Task statement
Reproduce exactly the lines of this material that begin at the line with "芯片型号选择 GD32VW553HMQ7,最后点击 Finish 完成创建。" and end at the line with "为提高学院的学术氛围,解答学", both included. Omit the pictures and everything else.

Excerpted data
--*--

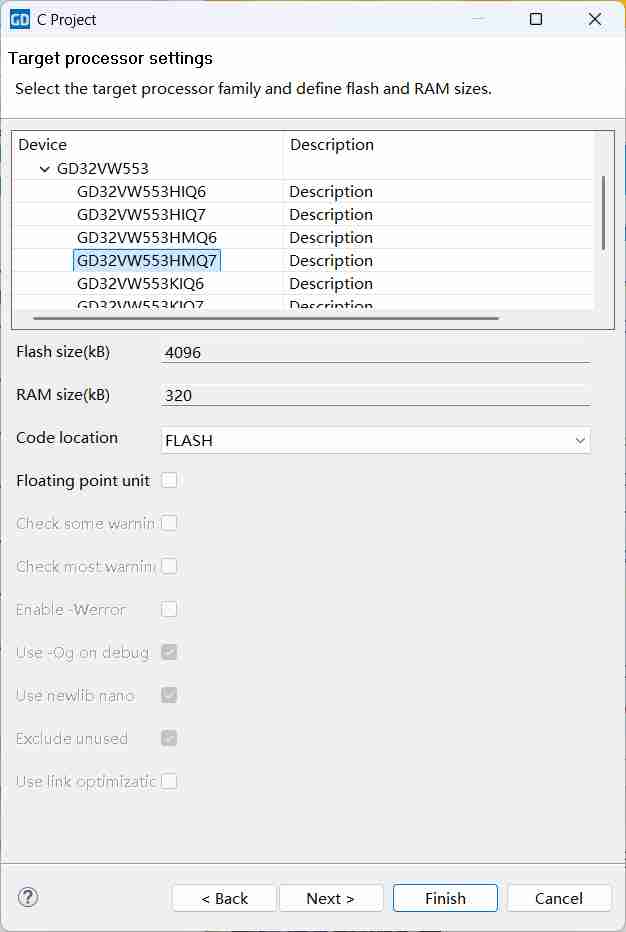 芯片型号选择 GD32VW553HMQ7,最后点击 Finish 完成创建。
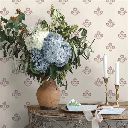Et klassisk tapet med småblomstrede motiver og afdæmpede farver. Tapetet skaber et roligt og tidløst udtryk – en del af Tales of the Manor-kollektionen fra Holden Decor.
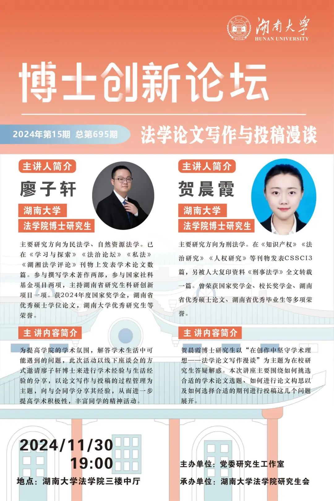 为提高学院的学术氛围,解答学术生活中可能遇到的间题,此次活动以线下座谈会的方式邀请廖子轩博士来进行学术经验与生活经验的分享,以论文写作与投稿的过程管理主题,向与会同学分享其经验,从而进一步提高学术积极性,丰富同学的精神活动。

--*--

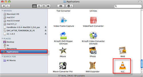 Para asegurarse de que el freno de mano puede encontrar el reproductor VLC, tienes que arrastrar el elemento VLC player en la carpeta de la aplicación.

--*--

Your response
 芯片型号选择 GD32VW553HMQ7,最后点击 Finish 完成创建。
Et klassisk tapet med småblomstrede motiver og afdæmpede farver. Tapetet skaber et roligt og tidløst udtryk – en del af Tales of the Manor-kollektionen fra Holden Decor.
 为提高学院的学术氛围,解答学术生活中可能遇到的间题,此次活动以线下座谈会的方式邀请廖子轩博士来进行学术经验与生活经验的分享,以论文写作与投稿的过程管理主题,向与会同学分享其经验,从而进一步提高学术积极性,丰富同学的精神活动。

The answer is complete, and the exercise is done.